EXERCISE INSTRUCTIONS:
Search the listing below for the line with "기댓값은 성공 확률 p를", then write out that line and every one after it exactly, without the pictures.

DATA SHOWN:
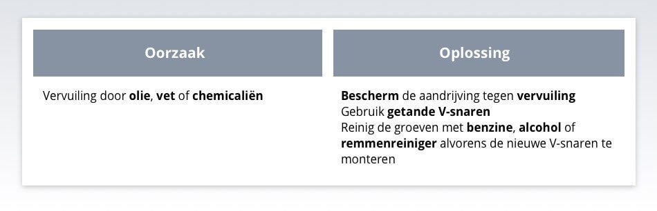 Door vervuiling door olie, vet of chemicaliën zwelt de V-Snaar op of wordt de riem zacht en kleverig. Bescherm de aandrijving tegen vervuiling.
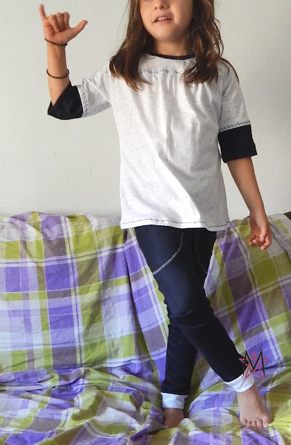 Claro que as calças estavam mesmo a pedir algo a combinar, certo? Pois bem, se no cós e tal tinha usado uns retalhos que tinha por cá (do tecido branco), para a blusa quis usar o mesmo tecido, mas já não tinha suficiente. Até que me lembrei que tinha usado o mesmo tecido para fazer um teste a um molde de blusa de mulher e que não tinha corrido bem, nem sequer estava todo acabado, assim que lá o resgatei e reciclei para ela e consegui um conjunto que combina.
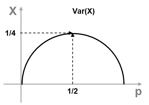 기댓값은 성공 확률 p를 따르며, 분산은 성공 확률 p와 실패 확률 (1-p)의 곱으로 이뤄집니다. 분산을 그래프로 그리면, p가 1/2일 때 최댓값을 가지는 것을 볼 수 있습니다. 이처럼 베르누이 확률분포는 성공 확률이 p에 의해 확률과 기댓값이 결정됩니다. 이와 같이 분포의 특성을 결정하는 상수를 모수(parameter)라고 합니다.
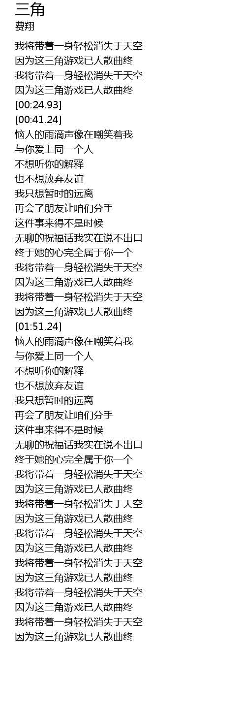 | [03:23.44] | 因为这三角游戏已人散曲终 |

OUTPUT:
 기댓값은 성공 확률 p를 따르며, 분산은 성공 확률 p와 실패 확률 (1-p)의 곱으로 이뤄집니다. 분산을 그래프로 그리면, p가 1/2일 때 최댓값을 가지는 것을 볼 수 있습니다. 이처럼 베르누이 확률분포는 성공 확률이 p에 의해 확률과 기댓값이 결정됩니다. 이와 같이 분포의 특성을 결정하는 상수를 모수(parameter)라고 합니다.
 | [03:23.44] | 因为这三角游戏已人散曲终 |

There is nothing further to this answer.